◆ TASK DESCRIPTION
Starting with the line with "Speedifyは月間2GB" in the entries below and going on through the line with "Immaculate ranch-style floor", output every line exactly and nothing more. No pictures.

◆ MATERIAL PROVIDED

*** Block opens ***

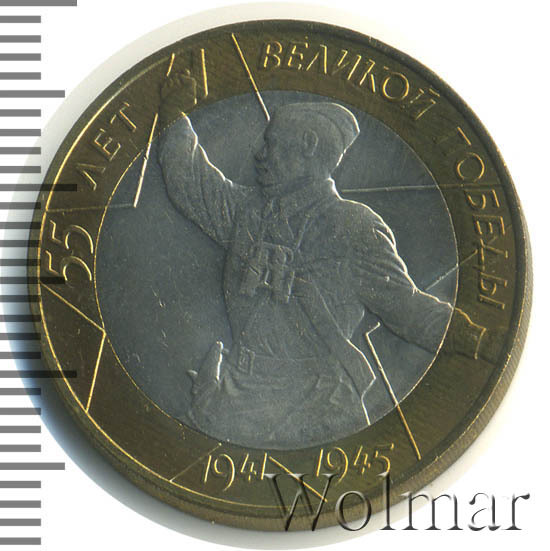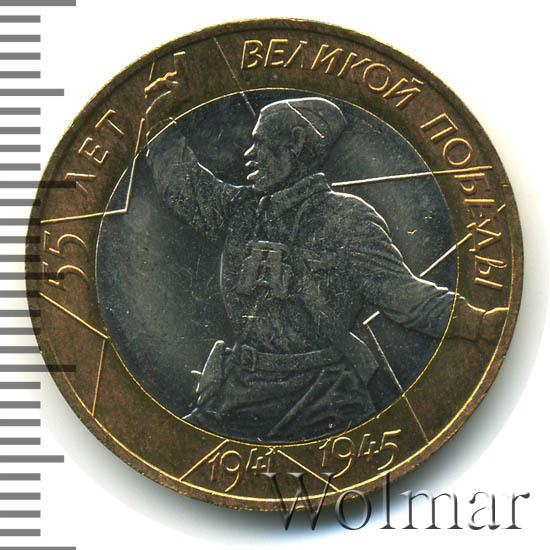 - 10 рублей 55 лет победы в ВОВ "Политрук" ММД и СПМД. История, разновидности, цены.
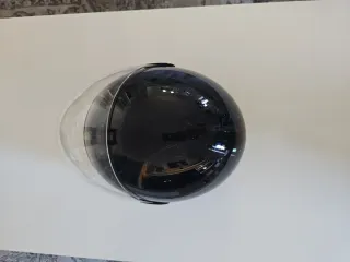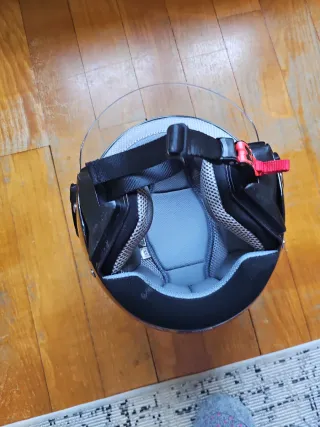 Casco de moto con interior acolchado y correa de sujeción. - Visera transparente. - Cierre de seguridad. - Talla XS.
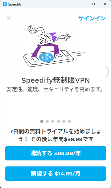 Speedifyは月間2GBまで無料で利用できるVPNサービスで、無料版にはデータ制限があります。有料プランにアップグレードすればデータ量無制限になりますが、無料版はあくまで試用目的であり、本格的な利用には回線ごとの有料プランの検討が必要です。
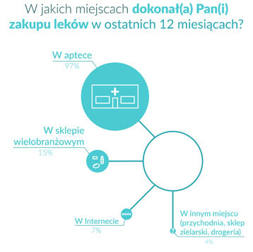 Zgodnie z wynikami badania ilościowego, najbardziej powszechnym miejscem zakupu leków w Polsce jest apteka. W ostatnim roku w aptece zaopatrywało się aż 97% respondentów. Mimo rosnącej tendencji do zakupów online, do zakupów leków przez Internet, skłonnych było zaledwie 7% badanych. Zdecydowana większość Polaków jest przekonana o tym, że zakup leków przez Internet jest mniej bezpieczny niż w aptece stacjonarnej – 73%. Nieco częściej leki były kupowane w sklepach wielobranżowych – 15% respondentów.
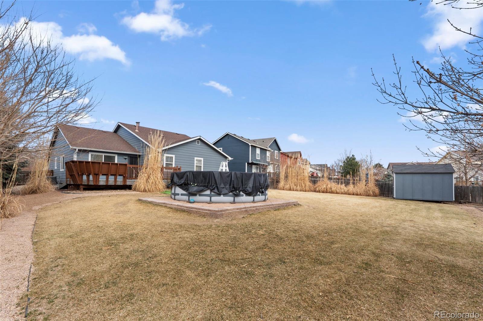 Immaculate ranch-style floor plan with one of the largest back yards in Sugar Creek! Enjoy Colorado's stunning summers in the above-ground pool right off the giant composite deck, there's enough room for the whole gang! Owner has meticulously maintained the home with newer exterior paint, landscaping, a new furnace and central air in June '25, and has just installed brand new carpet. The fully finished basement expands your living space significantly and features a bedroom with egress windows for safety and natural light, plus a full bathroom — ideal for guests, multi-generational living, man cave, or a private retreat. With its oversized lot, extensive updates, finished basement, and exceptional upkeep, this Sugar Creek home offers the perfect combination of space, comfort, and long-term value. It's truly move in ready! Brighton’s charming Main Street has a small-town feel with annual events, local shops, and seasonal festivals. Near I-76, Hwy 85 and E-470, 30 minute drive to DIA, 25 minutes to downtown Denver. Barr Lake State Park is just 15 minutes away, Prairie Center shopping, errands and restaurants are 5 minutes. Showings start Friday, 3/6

*** Block closes ***
*** Block opens ***

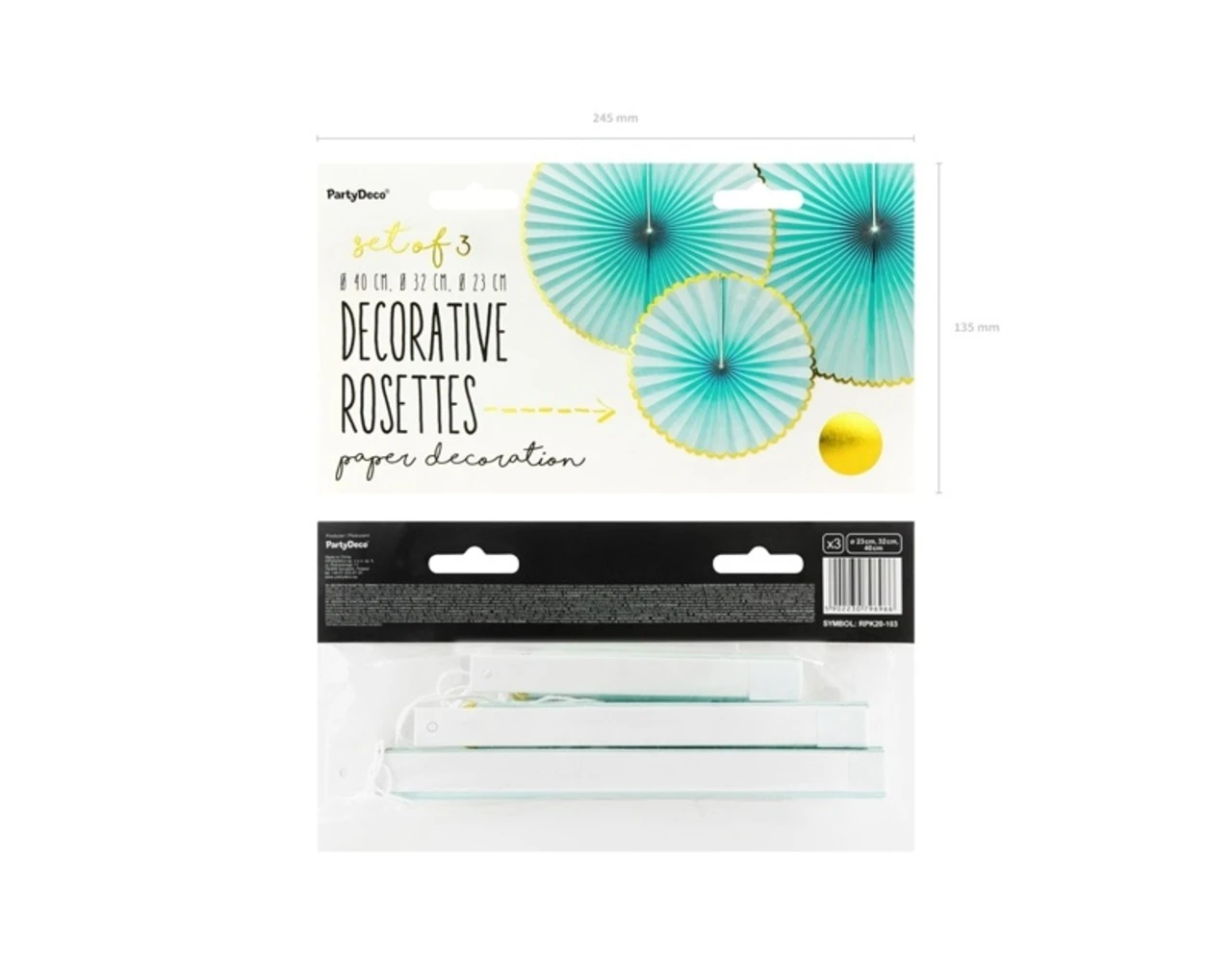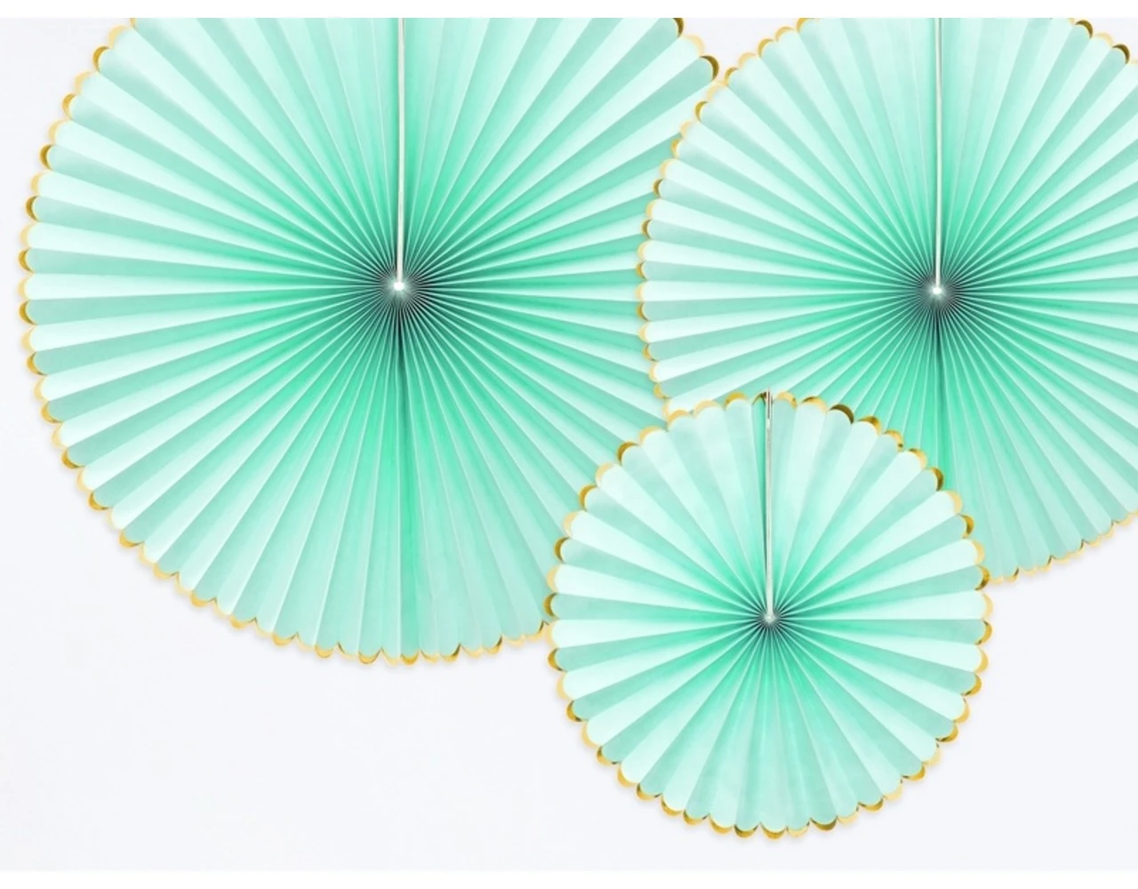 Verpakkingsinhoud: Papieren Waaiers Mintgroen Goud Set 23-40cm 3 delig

*** Block closes ***

◆ RESULT
 Speedifyは月間2GBまで無料で利用できるVPNサービスで、無料版にはデータ制限があります。有料プランにアップグレードすればデータ量無制限になりますが、無料版はあくまで試用目的であり、本格的な利用には回線ごとの有料プランの検討が必要です。
 Zgodnie z wynikami badania ilościowego, najbardziej powszechnym miejscem zakupu leków w Polsce jest apteka. W ostatnim roku w aptece zaopatrywało się aż 97% respondentów. Mimo rosnącej tendencji do zakupów online, do zakupów leków przez Internet, skłonnych było zaledwie 7% badanych. Zdecydowana większość Polaków jest przekonana o tym, że zakup leków przez Internet jest mniej bezpieczny niż w aptece stacjonarnej – 73%. Nieco częściej leki były kupowane w sklepach wielobranżowych – 15% respondentów.
 Immaculate ranch-style floor plan with one of the largest back yards in Sugar Creek! Enjoy Colorado's stunning summers in the above-ground pool right off the giant composite deck, there's enough room for the whole gang! Owner has meticulously maintained the home with newer exterior paint, landscaping, a new furnace and central air in June '25, and has just installed brand new carpet. The fully finished basement expands your living space significantly and features a bedroom with egress windows for safety and natural light, plus a full bathroom — ideal for guests, multi-generational living, man cave, or a private retreat. With its oversized lot, extensive updates, finished basement, and exceptional upkeep, this Sugar Creek home offers the perfect combination of space, comfort, and long-term value. It's truly move in ready! Brighton’s charming Main Street has a small-town feel with annual events, local shops, and seasonal festivals. Near I-76, Hwy 85 and E-470, 30 minute drive to DIA, 25 minutes to downtown Denver. Barr Lake State Park is just 15 minutes away, Prairie Center shopping, errands and restaurants are 5 minutes. Showings start Friday, 3/6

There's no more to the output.